Developing a neurocognitive model of sound and speech recognition
Mice are an ideal candidate organism for studying neural mechanisms underlying vocal communication. They emit ultrasonic vocalisations in social contexts and the genetic basis of these signals can provide insight into disorders affecting verbal communication such as Autism Spectrum Disorder (ASD). There is evidence to suggest that the shape or waveform pattern of the call influences behaviour and may more accurately represent differences in communication. The major challenge for quantitatively assessing differences in vocalisations lies in the quantity and complexity of data that must be analysed. This project will enable the design and validation of algorithms for automatic classification of mouse ultrasonic vocalisations, and will represent a first attempt to do so with this level of sophistication and scope. An earlier version of the algorithm applied to human speech successfully classified altered speech prosody in ASD patients. For this study, the algorithm will be adapted to the temporal, frequency and amplitude resolution of mouse hearing.
Our goals are:
- Develop and validate a classification algorithm.
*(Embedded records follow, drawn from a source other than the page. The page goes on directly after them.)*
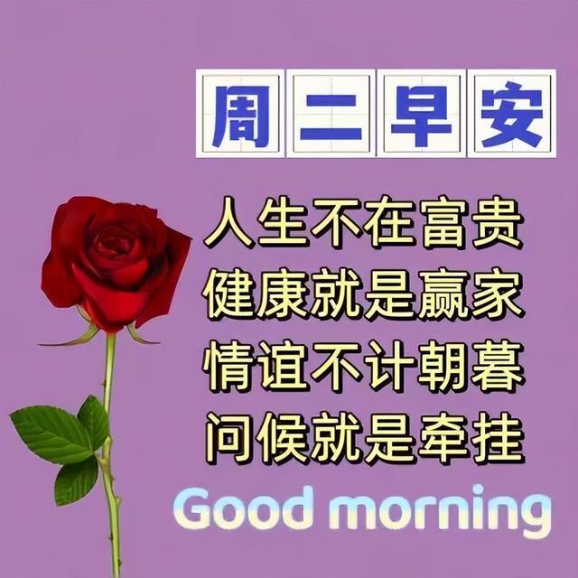 轻轻地一声问候,融入了所有的心愿。淡淡的一句祝福,倾注了无限的真诚!送一份祝福。望各位平平安安,送一份快乐,祝各位健康每一天,送一份真情,和各位一路相伴,愿各位好友平安健康,爱永在心中。周二愉快!!!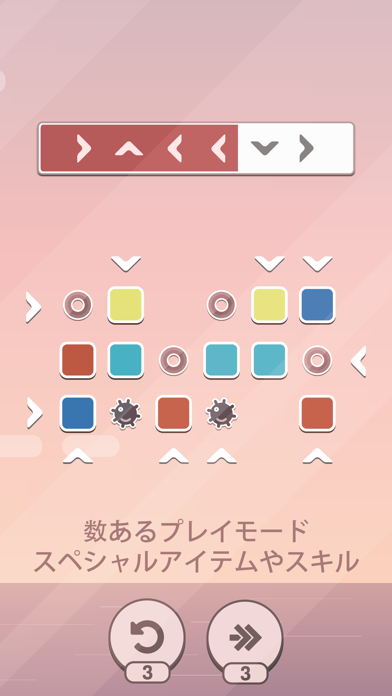 画面上に配置されている矢印ボタンを押してブロックを移動させます。ステージ毎にブロックを動かせる回数に制限があるため、どのような動きをするか予測してから移動させましょう。徐々にブロックが多くなったり、配置が複雑になったりと論理的思考力が問われるゲームになっています。頭をフル回転させてクリアへの道を見つけ出してください。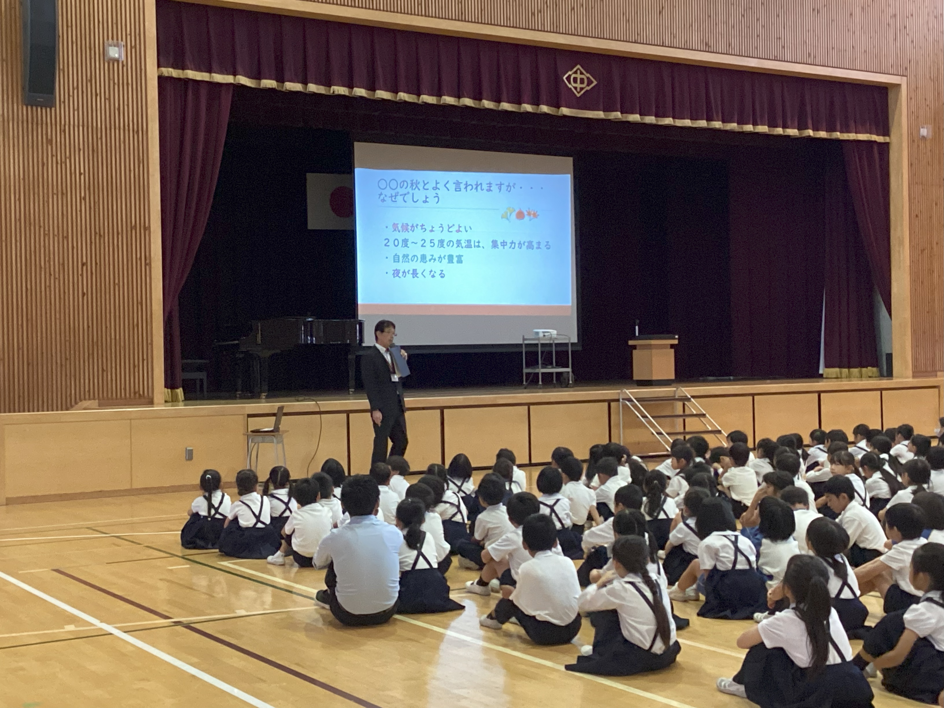 5日間の秋季休業を終え、2学期始業式がありました。式の話では、○○の秋に因み、なぜいろいろな秋があるのか、理由を理解した上で、どんな秋を過ごすのか、児童に問いました。また、2学期は学年のまとめの学期であることも伝えました。充実した2学期にしてほしいと思います。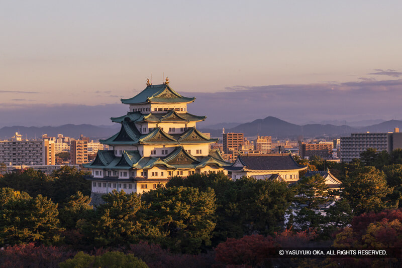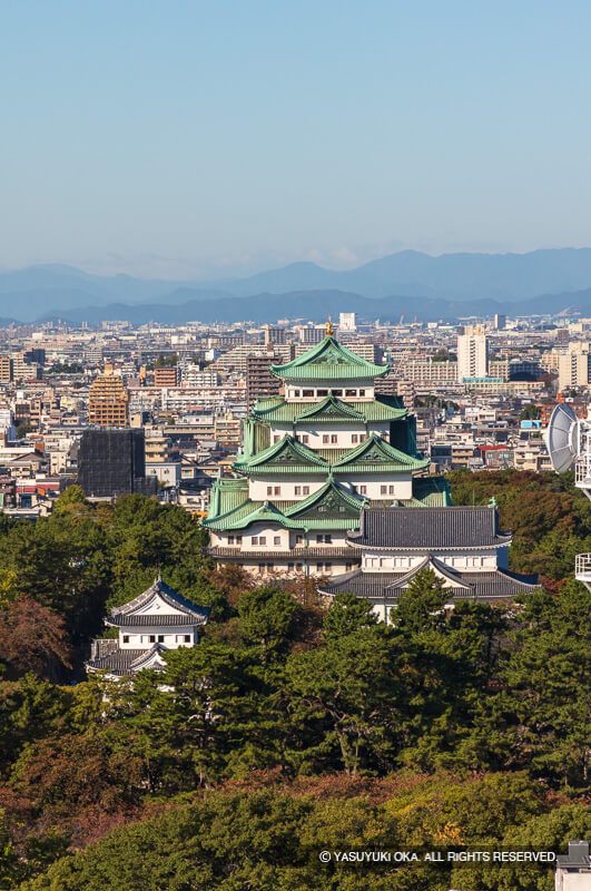 1610(慶長15)年、徳川家康が九男「義直」のために天下普請として外様大名20家に命じて築城に着手し、大阪方への押さえとし僅か4年の歳月で1614(慶長19)年に完成させた。また、織田家ゆかりの清洲から「清洲越し」と言われているように町毎移住させて城下を築き発展させています。以後御三家筆頭として16代にわたり世襲し明治を迎え、幸いに取り壊しを免れ戦災での焼失が惜しまれます。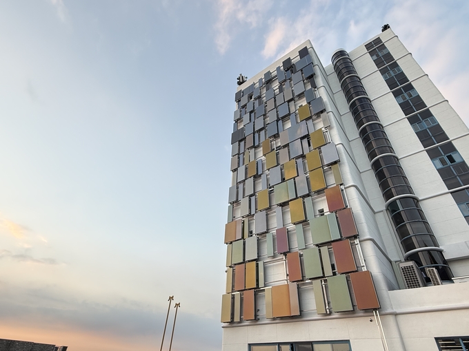 건물 외벽 전면에는 25kw 규모의 컬러 태양광 패널 152개(총면적 240㎡)를 설치해 ESG를 실천했다. 전력 생산과 예술적 조형미를 결합한 설비로, 낮에는 태양광을 흡수해 에너지를 생산하고 밤에는 외벽 조명을 통해 은은한 빛의 연출을 선보이는 공공예술 작품이다.
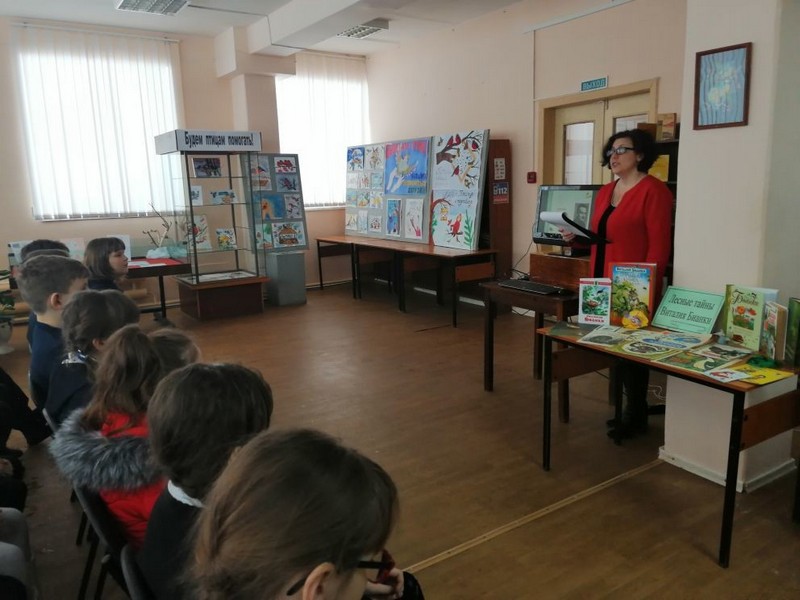 К 125-летию известного писателя-натуралиста Виталия Валентиновича Бианки сотрудники библиотеки-экоцентра для учеников школы № 5 провели час природы «Мир по имени БИАНКИ».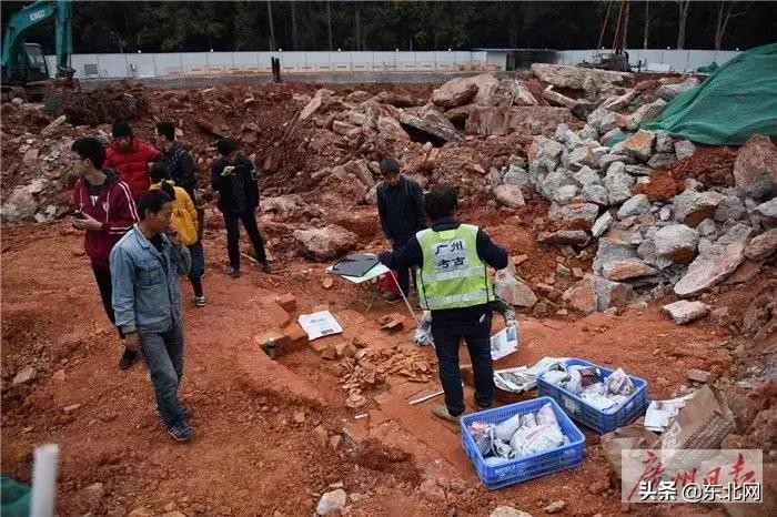 据报道,1月6日,在位于中山大学广州校区南校园春晖园食堂旁的工地现场,考古人员正在测量墓穴大小,标记随葬品数量和位置,绘制墓穴的平面图。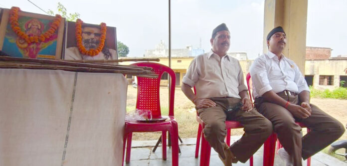 गुरूवार को कस्बा के मुहल्ला मोतीगंज स्थित सरस्वती शिशु मन्दिर पर राष्ट्रीय स्वयंसेवक संघ द्वारा राष्ट्र सेवा के 100 वर्ष पूर्ण होने पर स्वयंसेवकों ने शताब्दी वर्ष मनाया। सर्वप्रथम भारत माता के चित्र पर माल्यार्पण व ध्वज प्रणाम करके कार्यक्रम का शुभारम्भ किया गया। साथ ही स्वयंसेवकों ने शस्त्र पूजन भी किया। इस मौके पर सह जिला कार्यवाह अमित मिश्रा ने कहा कि आज विजयादशमी पर संघ ने राष्ट्रसेवा, समाजसेवा, धर्म तथा संस्कृति उत्थान में कार्य करते हुए 100 वर्ष की यात्रा पूर्ण कर ली है। साथ ही अन्य स्वयंसेवकों ने भी अपने-अपने सम्बोधन से संघ की नीतियों-रीतियों पर प्रकाश डाला। तदुपरान्त स्वयंसेवकों ने मुहल्ला मोतीगंज में लघु पथ संचलन भी किया। इस दौरान नगर संघचालक डा0 उमाशंकर गुप्ता, विभाग प्रचार प्रमुख विनोद यादव एड0, ओमप्रताप सिंह बण्टू गौर, हरिओम दुबे, अनूप जाटव, जयदीप त्रिपाठी, प्रमोद गुप्ता, विशाल, गौरव, शिवेन्द्र, देवांशु, रजत, शिवम, गौरव तिवारी, भरत, अरूण बघेल, पंकज दुबे, हरियोगेन्द्र तिवारी, नीलू पाण्डेय, अटल कौशल, आनन्द कौशल सहित कई स्वयंसेवकों की उपस्थिति उल्लेखनीय रही।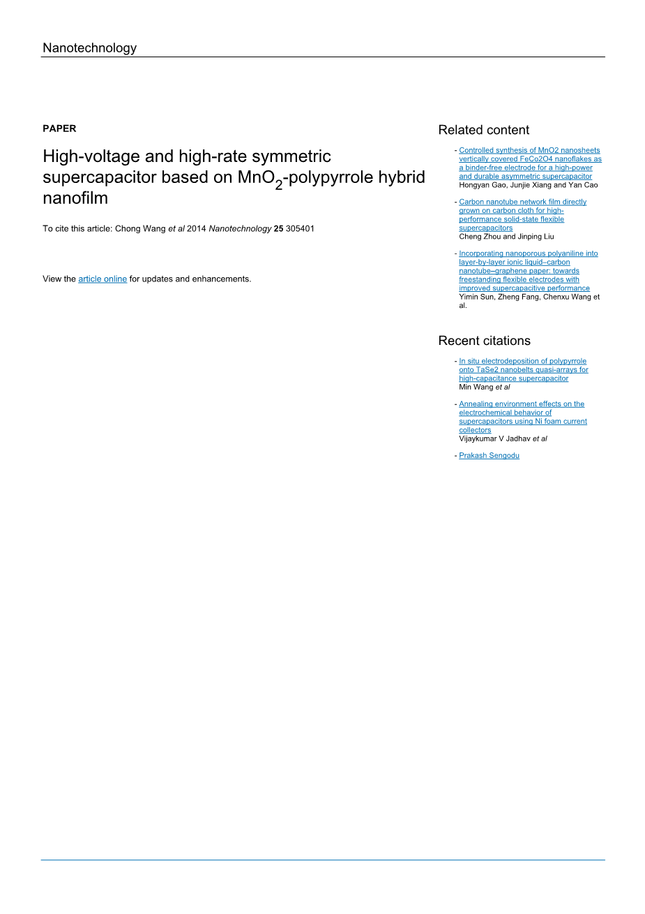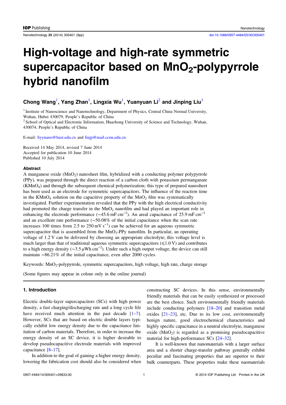 基于 MnO2-聚吡咯杂化 纳米薄膜的高容量、高倍率对称超级电容器外文翻译资料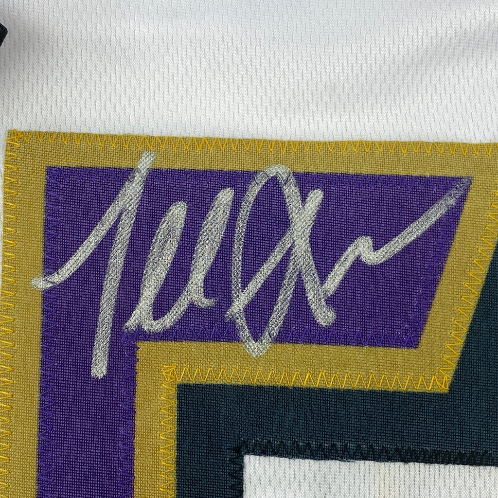Jersey has no brand names or logos. This is a custom jersey and was not manufactured by or in any manner associated with any professional sports league or manufacturer. This custom jersey carries no professional sports league designation. The item is intended to be an autographed collectible. The custom jersey displays the name and number of the player. This item in no way is affiliated with or connected to any professional sports organization. Size is XL.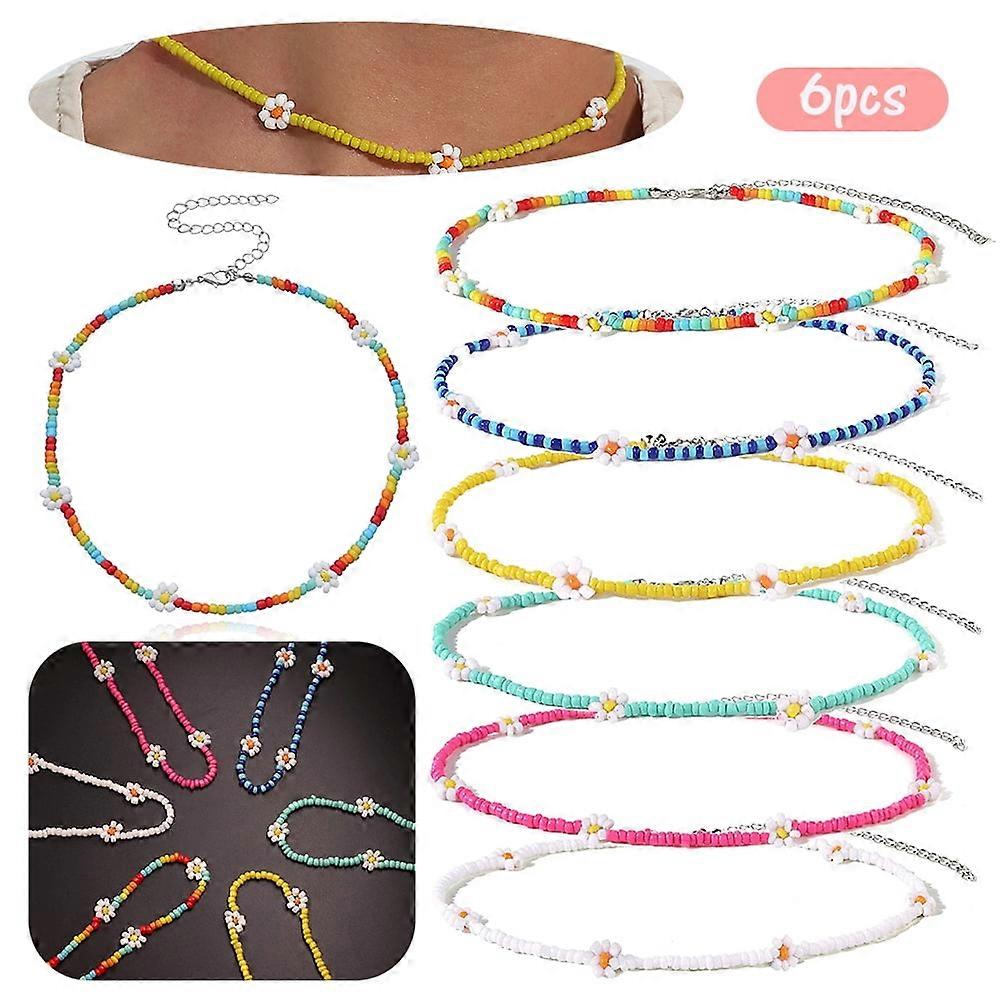 EIMELI 6 PCS Cute Girls's Beaded Choker Necklaces Vsco Boho Handmade Flower Necklace Adorable Necklace For Teen Girls And Women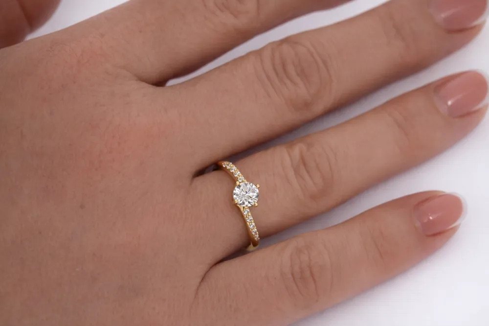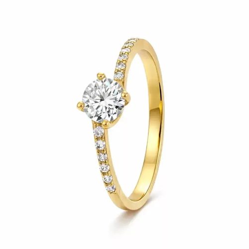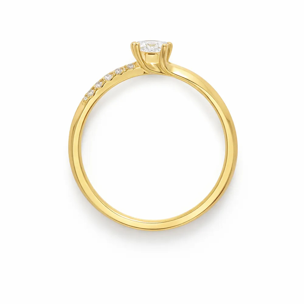 Kiemelkedő ragyogás finom kősorral - 14 karátos arany eljegyzési gyűrű központi cirkon kővel és oldalt elhelyezett csillogó kövekkel.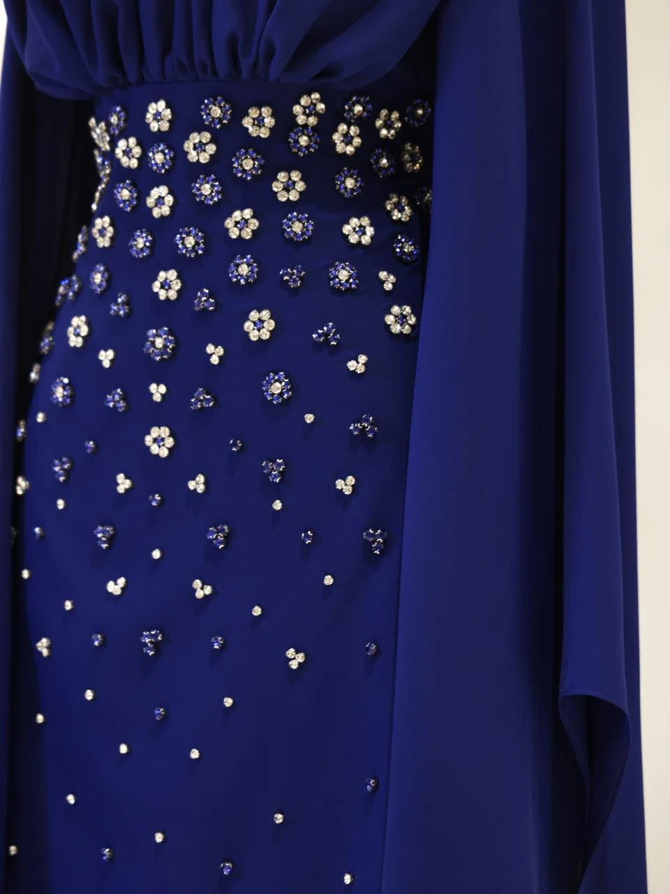 The Floria Modest Evening Dress is designed with precision and elegance. Made from quality crepe fabric, this dress features a full-length design measuring 150 cm. It is equipped with a back zipper closure and includes a lining for added comfort. The Spanish sleeves and built-in chest pads enhance its sophisticated look. The dress is adorned with adhesive embellishments and maintains a straight skirt form.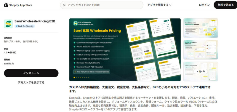 ShopifyでBtoB ECを始める方法としては、Shopify Plusではなく、通常プランにBtoB向けアプリを追加して構築する方法もあります。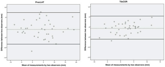 Bland Altman plots were drawn for comparison of the tibCOR and procLAT measurements depicting better agreement with use of tibCOR compared with use of procLAT (Figure 4).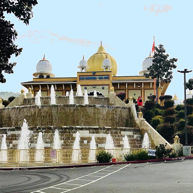 | The Sikh Gurdwara Sahib in San Jose, California, is one of the largest Sikh temples (Gurdwaras) in North America and a significant landmark for the Sikh community in the region. Situated on a hill in Evergreen Valley, the Gurdwara provides stunning views of San Jose and the surrounding areas. | |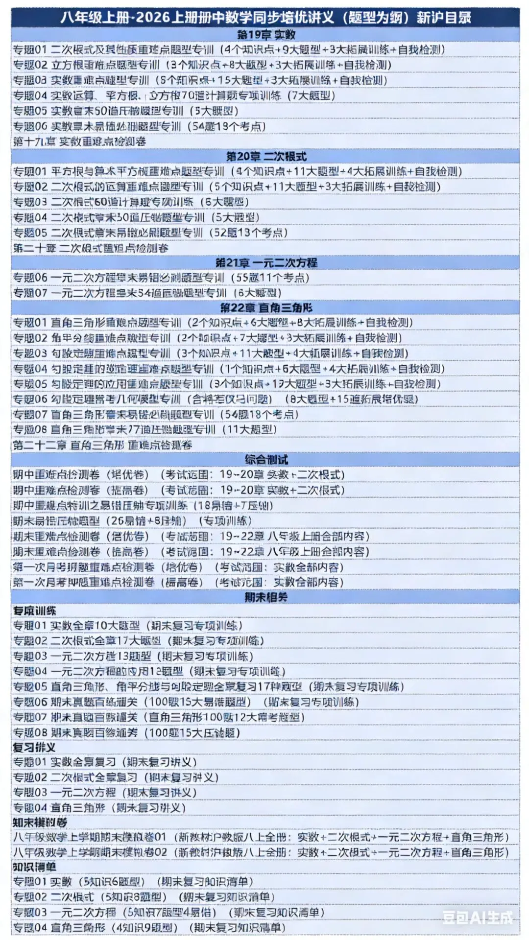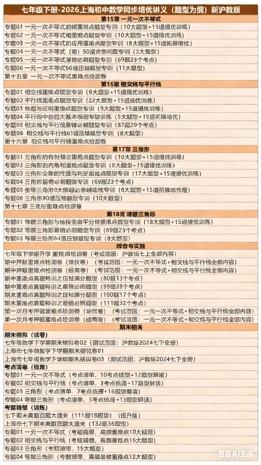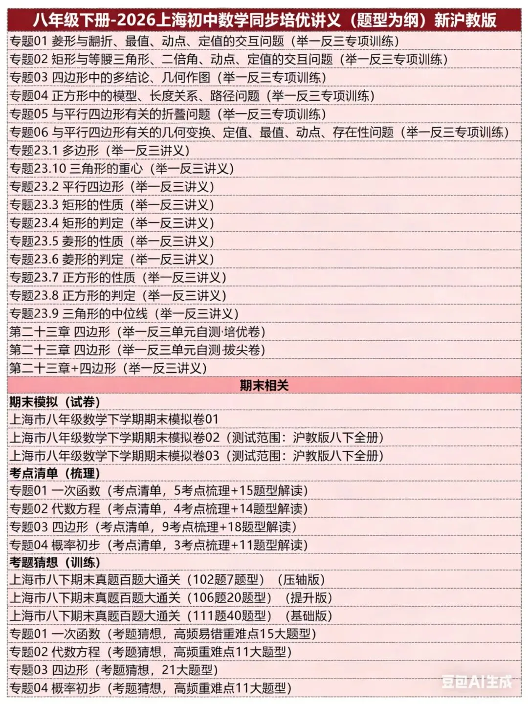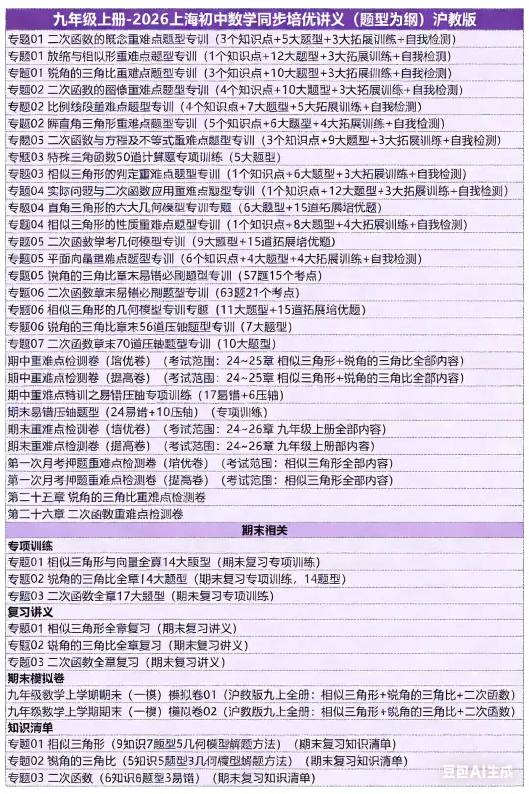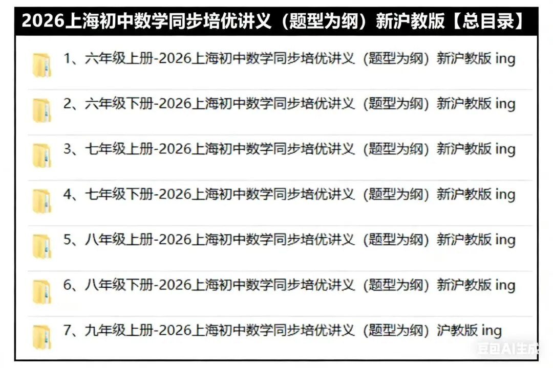 2026上海初中数学同步培优讲义(题型为纲),新沪教版+各类阶段测试卷,6-8年级上下册9年级上册,全word无水印,可编辑可打印,教师版❗学生版齐全。每个年级包含同步讲义、月考、期中、期末卷、专项卷、知识清单期末相关内容。6-8上下册皆为新教材。

- Conduct objective and high throughput analysis to investigate the temporal organisation of calls, studying the sequences of call types to detect any non-random sequences within ultrasonic emissions.
- Investigate if sequences of call types are perceived at a behavioural level utilising playback and precise correlation of ultrasonic vocalisations emissions with social interactions.
- Apply this method to analysis of mice containing the ASD-associated mutations.
This research will provide a critical link in our understanding of how mice use USVs to communicate and has relevance to numerous studies using mouse models for neuropsychiatric and communicative disorders. We predict that mice with ASD-associated mutations will show altered patterns of communication and insight from mechanistic studies in these mice will lead to a greater understanding of the biological underpinnings of communication impairments in ASD.
Leader: David Grayden
Collaborators: Emma Burrows (Florey Institute of Neuroscience and Mental Health) Neil McLachlan (Psychological Sciences) Anthony Hannan (Florey Institute of Neuroscience and Mental Health)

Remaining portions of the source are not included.